Succession Planning: All Talk, or All Action?
Succession Planning is something I hear leaders talk about often. For many, however, talk appears to be as far as it goes. While I hear many leaders talking about Succession Planning, I don’t see too many doing much about it.
The average age of a real estate principal in Australia and New Zealand is around 55 years old. A large portion of real estate business ownership is marching toward its golden years. While many will not retire at 65, it would be fair to say that most will want to at least slow down a bit. You need a profitable business to do that. Or at least you need a buyer for your business. In the absence of both of these, the business owner sells the Rent Roll and closes the rest of the ‘business’ down. What a sad end to years of hard work.
If you are smart, your real estate business should be worth more than just the Rent Roll. While you are young enough, you should expend as much effort as you can spare building a profitable sales department. A team of four salespeople who EACH produce $250,000 in gross fees per annum will give you a profit of $365,000 a year provided you pay your salespeople under the correct reward structure.
Hint: the correct reward structure is NOT what the industry recommends. Forget the pathetic retainer debited against commission model, and likewise the commission-only model. Pay salaries monthly and bonuses quarterly for an acceptable performance and you will increase your profit. There is more to it than this, and you should not go down this road half-cocked, but I mention this to warn you that the typical industry reward systems do not produce wealthy business owners, nor do they produce wealthy salespeople in large numbers.
Build a profitable sales department and you double the value of your business. Imagine selling your Rent Roll for $400,000 and receiving the same amount for your sales department. This would certainly boost your retirement income, wouldn’t it?
The next question to ponder is an important one: whom are you grooming to take over?
Often you can sell your Rent Roll by vendor financing it to a Property Manager. Failing that, there will most probably be an agency that will buy your Rent Roll. If it is a large Rent Roll you may have to break it up and sell it to several buyers. But most agencies don’t have too much difficulty finding a buyer for a Rent Roll if it’s priced right.
Sales departments can be a little trickier, mostly because outside buyers do not expect them to be profitable. Therefore you don’t have people queuing up to buy them.
The most obvious place to find a buyer will be among your existing team. This is why it is critical that you find and develop winners. Not only will they make profit for you while you own the business, if a salesperson ‘grows up’ in the business, he or she will know the business, know how good it has been to you, and will be happy about buying it.
Some leaders I know have sold off portions of their sales departments to winners on the team. These leaders have chosen to sell their businesses in small portions, gradually over time. This too makes sense if it suits your plan. But again, the success of this plan hinges on your having a team of winners, and a profitable sales department to sell.
In the coming years I intend to talk more about Succession Planning and Estate Planning. My plan is to interview experts in these areas. The older we get the more important acting on Succession Planning becomes.

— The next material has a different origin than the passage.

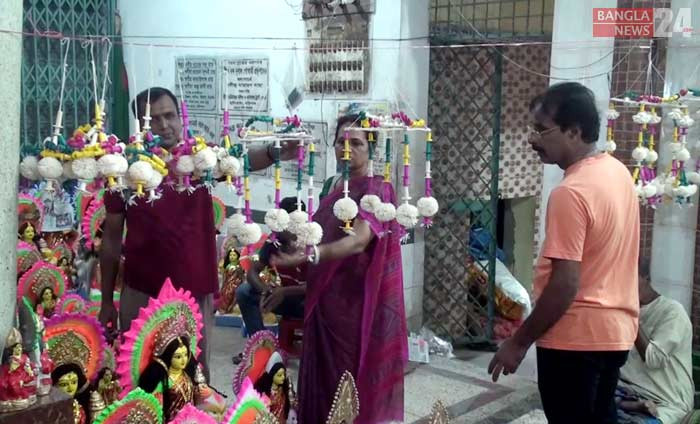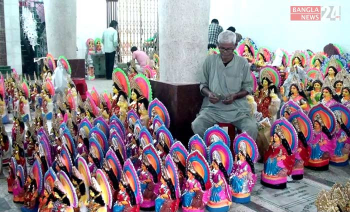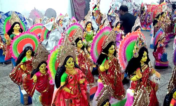 লক্ষ্মীর প্রতিমা, সরা ও উপকরণ নিয়ে বরিশাল নগরের হাটখোলার হরিমন্দিরে বসেছে মেলা। ছবি: মুশফিক সৌরভ।

I don’t want to be a downer, but none of us knows how much time we have left. On New Year’s Day 2011 my younger brother, Wayne, died of a heart attack. He was fit, didn’t drink, never smoked; his death stunned us.
Throughout the following year I saw the problems that Wayne’s wife, Debbie, had in sorting out the estate. Wayne had one company, but it took Debbie a year before she got everything finalised. While that happened the bank froze some accounts and she was short of cash. And she was grieving.
It made me think. If Debbie had all this trouble with one company, what kind of mess would I be leaving my wife, Kerry, if something happened to me?
So throughout 2011, we worked on Succession Planning. We went through everything. ‘What if’ scenarios played a vital role. We thought about every situation we could think of, if I died, if we both died in the same accident, if our children died with us, trustees for the estate until the grandchildren were old enough to decide for themselves, replacements for the trustees as they grew older.
We reviewed Trust Deeds, Enduring Power of Attorney, access to trading funds, access to the surviving spouse’s cash requirements… you name it. The whole exercise took fourteen months and $35,000. But when we signed the final papers, there was comfort in knowing that if we died, fifteen people would not be out of work, and that the family would be cared for.
It’s a blessing to have people around you that you can trust, and having people you can trust to carry out your wishes is essential to any good Succession Plan.
I believe that it’s our responsibility as business owners and as family members to look after our families and our teams. A Succession Plan is a far-reaching overview of your entire estate, for decades after your death. It is a far more than just a Will.
I hope this inspires you to act on Succession Planning if you haven’t done so already. This needs to move to the top of your list of priorities.
When I go, I’d like my death to be a tragedy, but not that much of a tragedy.